Your goal: When you reach the line with "plastic construction design" in the records below, begin transcribing exactly and continue up to and including the line with "Polo de manga", leaving out every picture.

Data extracted from a collection
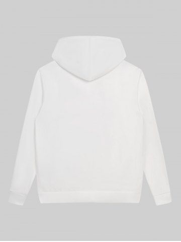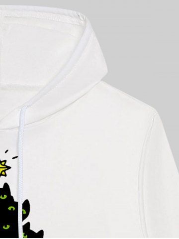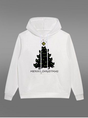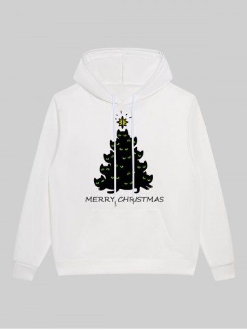 Gothic Cat Christmas Tree Stars Letters Print Pocket Drawstring Fleece Lining Pullover Hoodie For Men - White - L
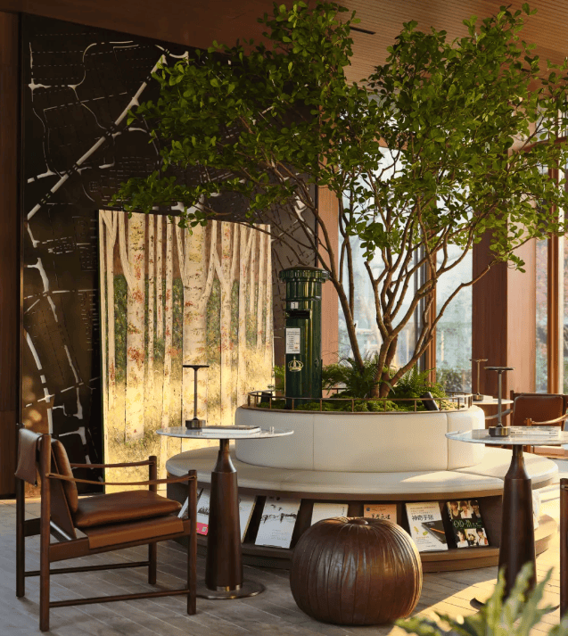 项目位于小镇核心发展主轴之上,绿色围合环抱,无建筑遮挡,视野极佳,水系环绕。
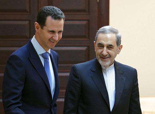 In this photo released by the Syrian official news agency SANA, Syrian president Bashar Assad, left, meets with Ali Akbar Velayati, an adviser to Iran's Supreme Leader Ayatollah Ali Khamenei, in Damascus, Syria, Thursday, April 12, 2018. (SANA via AP) The Associated Press
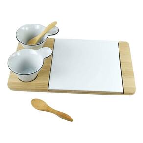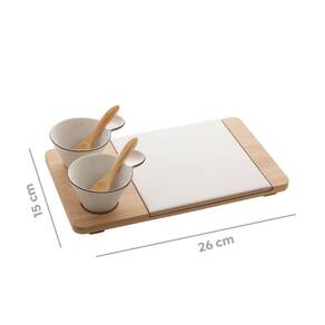 Conteúdo da embalagem: 1 Bandeja 15x26cm, 2 Molheiras, 2 Colheres
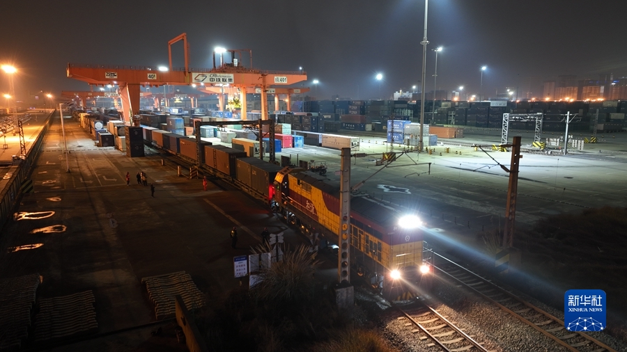 2022年1月28日,中歐班列X8086/5次列車駛出成都鐵路集裝箱中心站,這是中歐班列累計(jì)開行的第5萬列列車(無人機(jī)照片)。新華社發(fā)(白桂斌 攝)
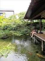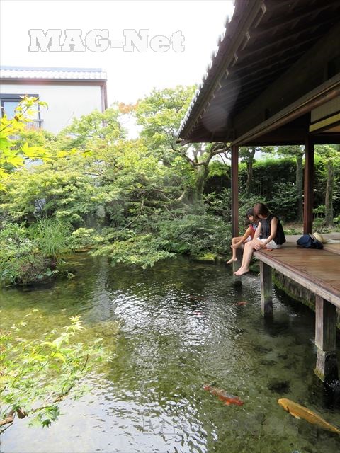 縁側では池に向かって足を投げ出し、ゆっくりすることができます。
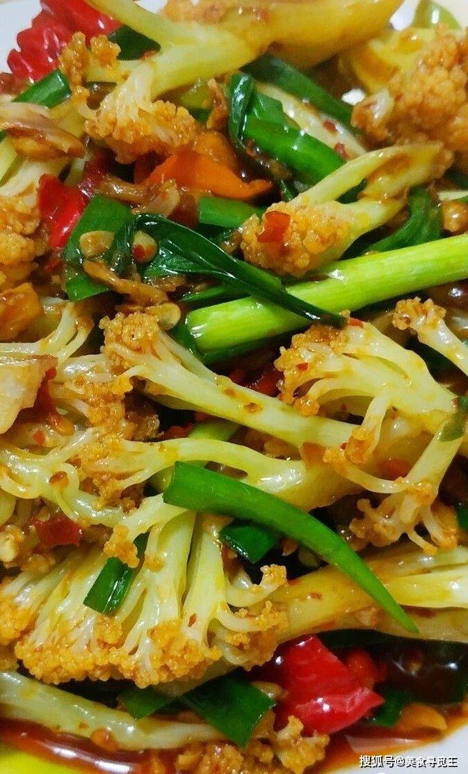 3、倒入花菜,大火快速翻炒,因为花菜焯过水,易熟,炒30秒左右,关火前倒入蒜苗叶;翻拌均匀就可以直接出锅了! 花菜有的喜欢吃比较软烂的,可以提前焯水;同时在洗花菜的时候,可以提前用盐水浸泡一会,这样才能更好地把花菜里面的杂质完全冲洗干净;
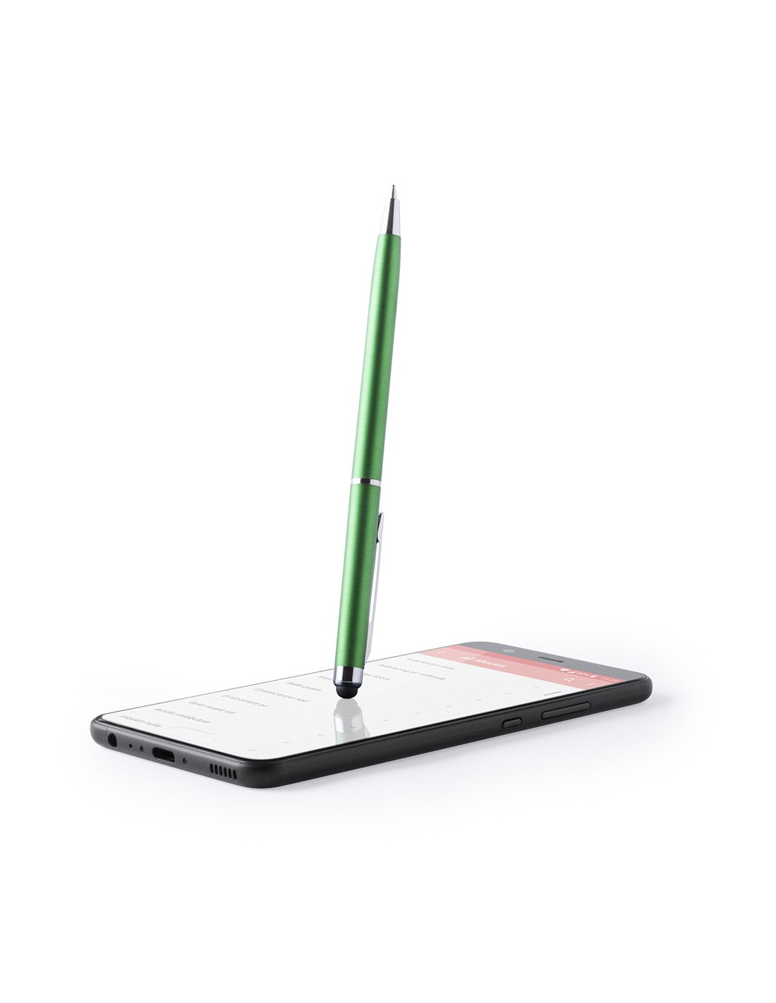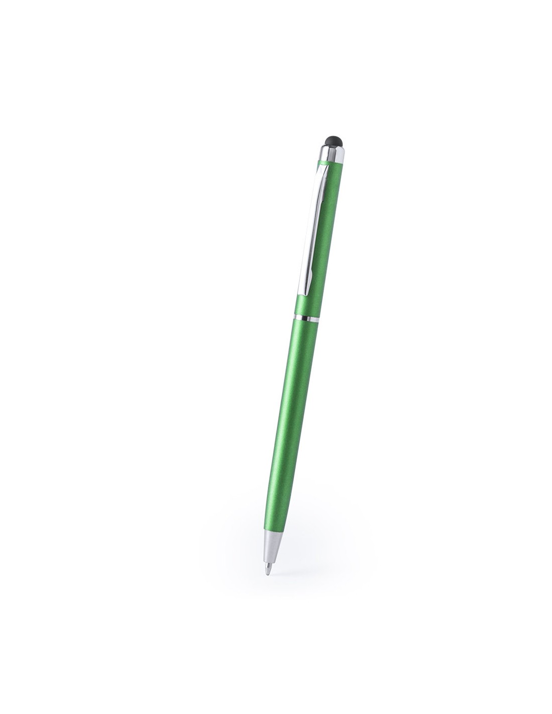 Bolígrafo puntero de mecanismo giratorio con cuerpo en de suave acabado metalizado. Con clip cromado. En variada gama de llamativos colores. Tinta azul.
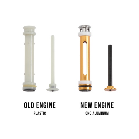 • Upgraded CNC aluminum spring guide rod and piston which provides reliability and functionality compared to the old plastic construction design
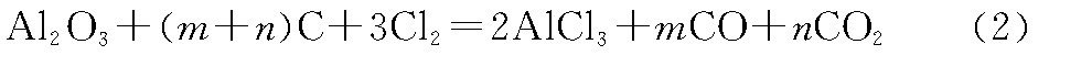 氧化鋁法是以氧化鋁、氯氣及碳三者為原料共同反應制取無水三氯化鋁。國外研究者20世紀60年代后期曾對氧化鋁法制無水三氯化鋁的反應機理進行了研究, 他們認為氧化鋁法制無水三氯化鋁的反應式為:
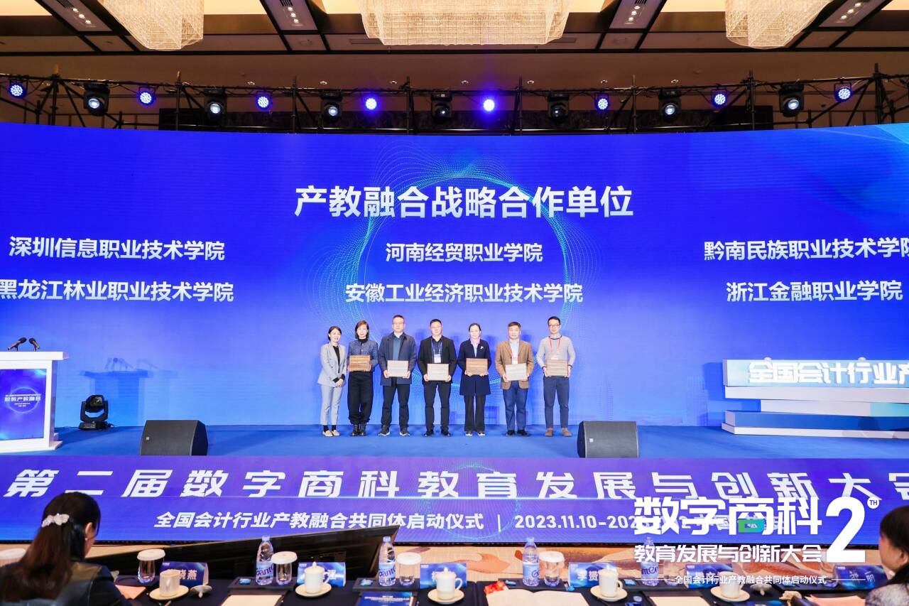 开幕式上,举行了全国会计行业产教融合共同体启动仪式。共同体由北京东大正保科技有限公司、上海财经大学和北京财贸职业学院共同牵头,联想、致同会计师事务所、汇付天下、钉钉联合发起,160所本科院校、361所高职院校、84所中职学校、284家行业组织共同参与,是迄今为止最大的产教融合共同体。
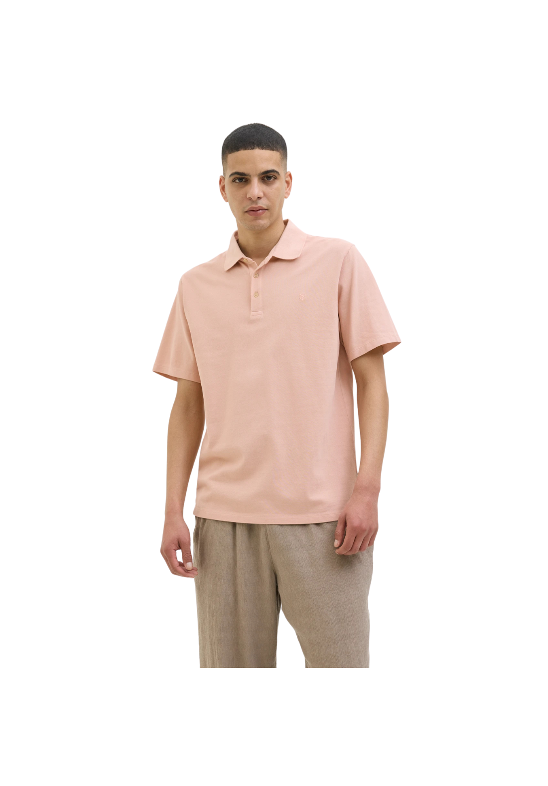 Polo de manga corta y cierre de botones. Detalle de bordado.
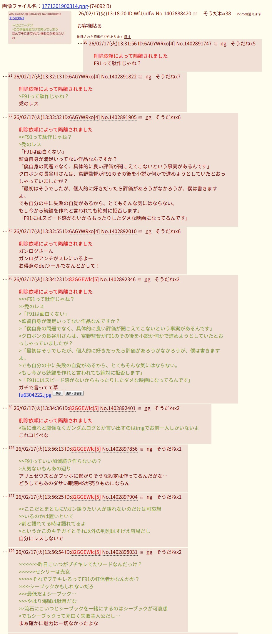| … | 45026/02/17(火)15:26:04No.1402917607そうだねx2>>>F91の話された辺りからスレ豚の殺意が凄い事になってるな |
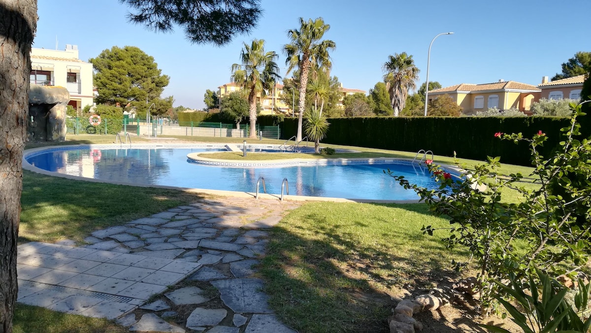Aviso!!! SE HACE REGISTRO DOCUMENTAL DE TODOS HUÉSPEDES ANTES DE LA LLEGADA. A TRAVÉS de CHEKIN (OBLIGATORIO POR LA LEY) Casa adosada, a 30 metros de la playa. La playa es Plana y de arena, no tiene bajada de rockasTiene jardín, piscina privada. La casa dispone de parking privado y aparcamientos libres para 3 coches. Dos terrazas amplias. La PISCINA dispone solo desde junio hasta 15 de SEPTIEMBRE .
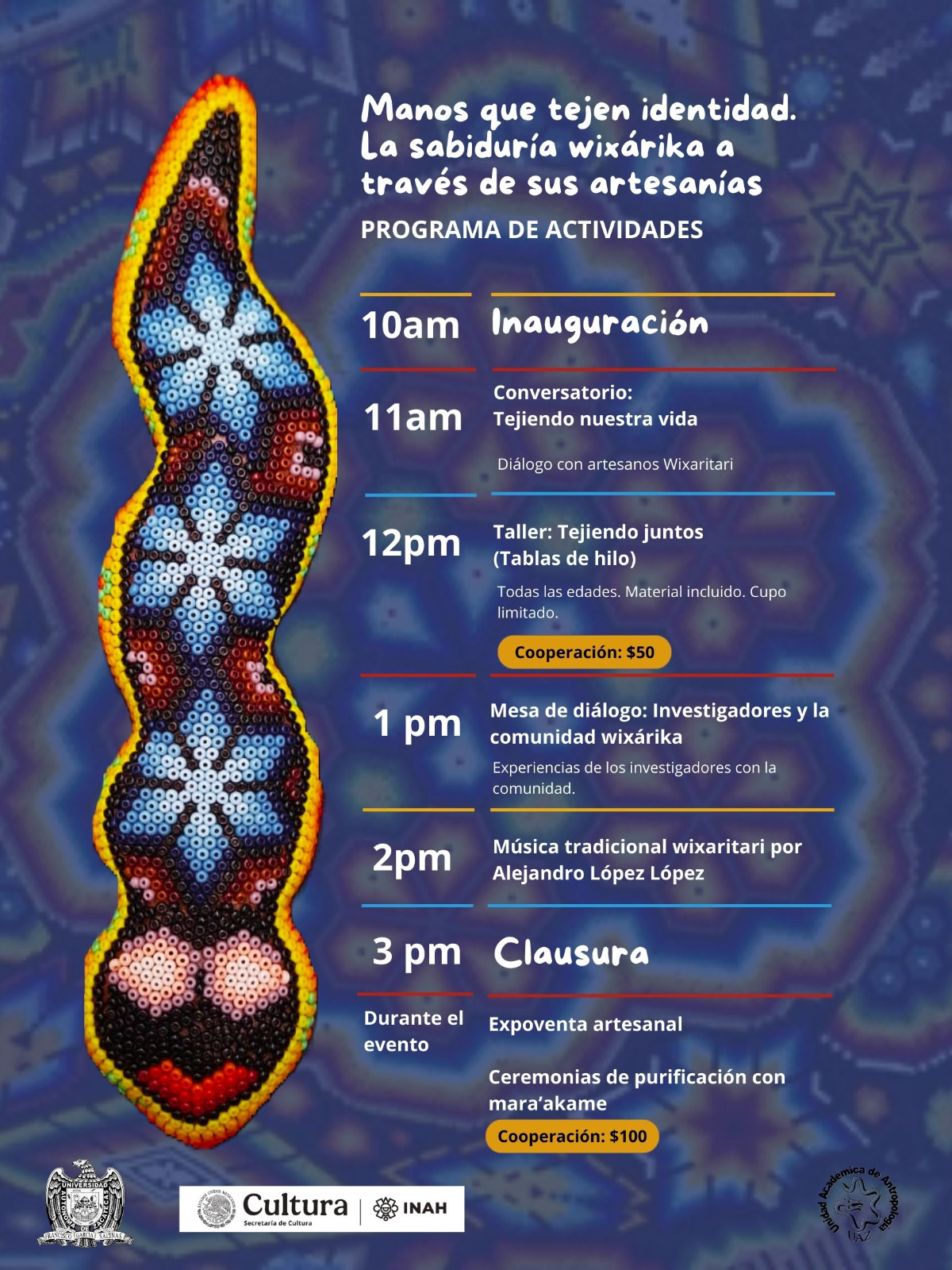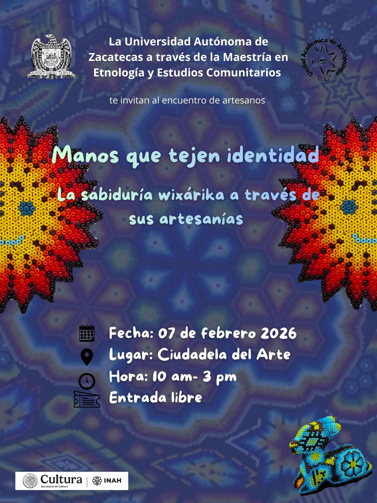 . Lisset Sarahí Esparza y María Guadalupe Cabral Cervantes, estudiantes de la Universidad Autónoma de Zacatecas (UAZ), coordinaron el proyecto “Manos que tejen identidad. La sabiduría wixárika a través de sus artesanías”. El programa incluye una serie de conferencias y talleres enfocados en la cultura de los wixaritari, que se realizarán el sábado 7 de febrero a partir de las 10 horas en la Ciudadela del Arte en la capital.
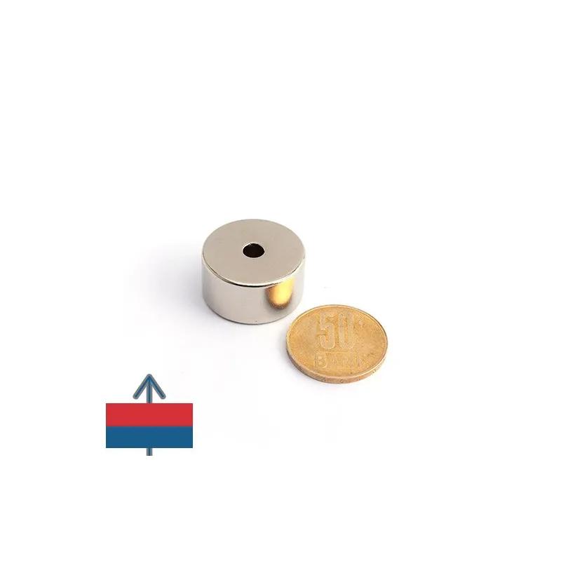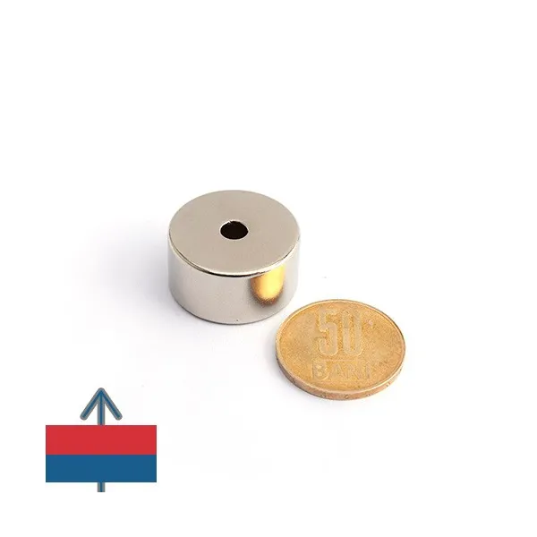• Магнитизацията е осева, което означава, че полюсите на магнита са на плоските кръгли повърхности с диаметър 25 мм и отвор с диаметър 5 мм;
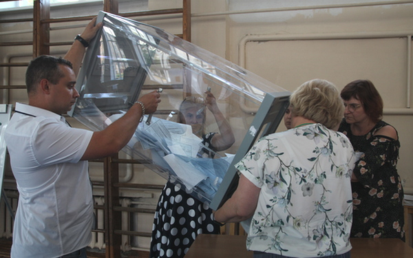Бюллетени с голосования вне помещения были переложены в сейф-пакет, который помещен в специальный сейф и находится под постоянной съемкой видеорегистратора. В завершении первого дня голосования бюллетени из стационарного ящика также были переложены в другой сейф-пакет, который был опечатан, на нем заверены подписи двух членов участковой избирательной комиссии. Также оставили свои подписи и наблюдатели. Сейф-пакет вместе с актом до завтра до 20.00, т.е. до подведения итогов голосования, будет находится под видеорегистратором.
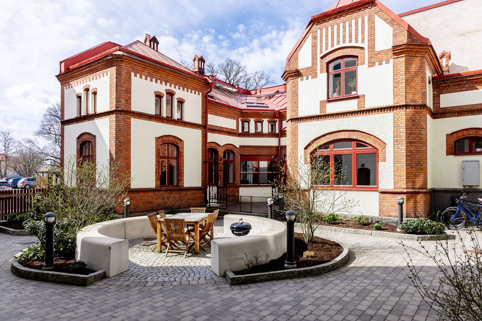 Välkommen till detta gårdshus i en av Växjös mest storslagna sekelskiftesfastigheter. Här har det traditionella hantverket bevarats och fokus lagts på unika detaljer såsom takfönster, synliga takbjälkar, kakelugn och storslagen rymd. Boendets bostadsyta är beläget på andra våningen med karaktär och enastående charm. Entrén ligger i markplan och direkt utanför har man sin egna uteplats där man kan skapa en rofylld yta. En trappa upp möts man av vardagsrummet med sina vackra bjälkar, enorma rymd och fönsterdetaljer. Här finner man också en rymlig klädkammare och en trappstege upp till loftet. Det renoverade badrummet är helkaklat i stilrena färger och erbjuder både tvättmaskin och torktumlare. Vidare in i detta underbara boende når man lägenhetens mittpunkt med köket och allrumsdelen som kröns med en fungerande kakelugn. Här kan man duka upp med det stora matsalsbordet och de stora takfönstren skänker ljus över rummet. Köket är välutrustat och i stilrent utförande från Ballingslöv. I den öppna planlösningen mot allrumsdelen står kakelugnen som inte bara är en vacker detalj i inredningen utan ger värme och avslappning från vardagens stress under svalare årstider. In mot byggnadens andra gaveldel ligger det stora sovrummet lagom avskilt. Med dess fina välvda fönster och takljus kan man skapa sin egna fristad och möblera upp både med dubbelsäng och vilsamma sittplatser.

Answer to this problem:
 • Upgraded CNC aluminum spring guide rod and piston which provides reliability and functionality compared to the old plastic construction design
 氧化鋁法是以氧化鋁、氯氣及碳三者為原料共同反應制取無水三氯化鋁。國外研究者20世紀60年代后期曾對氧化鋁法制無水三氯化鋁的反應機理進行了研究, 他們認為氧化鋁法制無水三氯化鋁的反應式為:
 开幕式上,举行了全国会计行业产教融合共同体启动仪式。共同体由北京东大正保科技有限公司、上海财经大学和北京财贸职业学院共同牵头,联想、致同会计师事务所、汇付天下、钉钉联合发起,160所本科院校、361所高职院校、84所中职学校、284家行业组织共同参与,是迄今为止最大的产教融合共同体。
 Polo de manga corta y cierre de botones. Detalle de bordado.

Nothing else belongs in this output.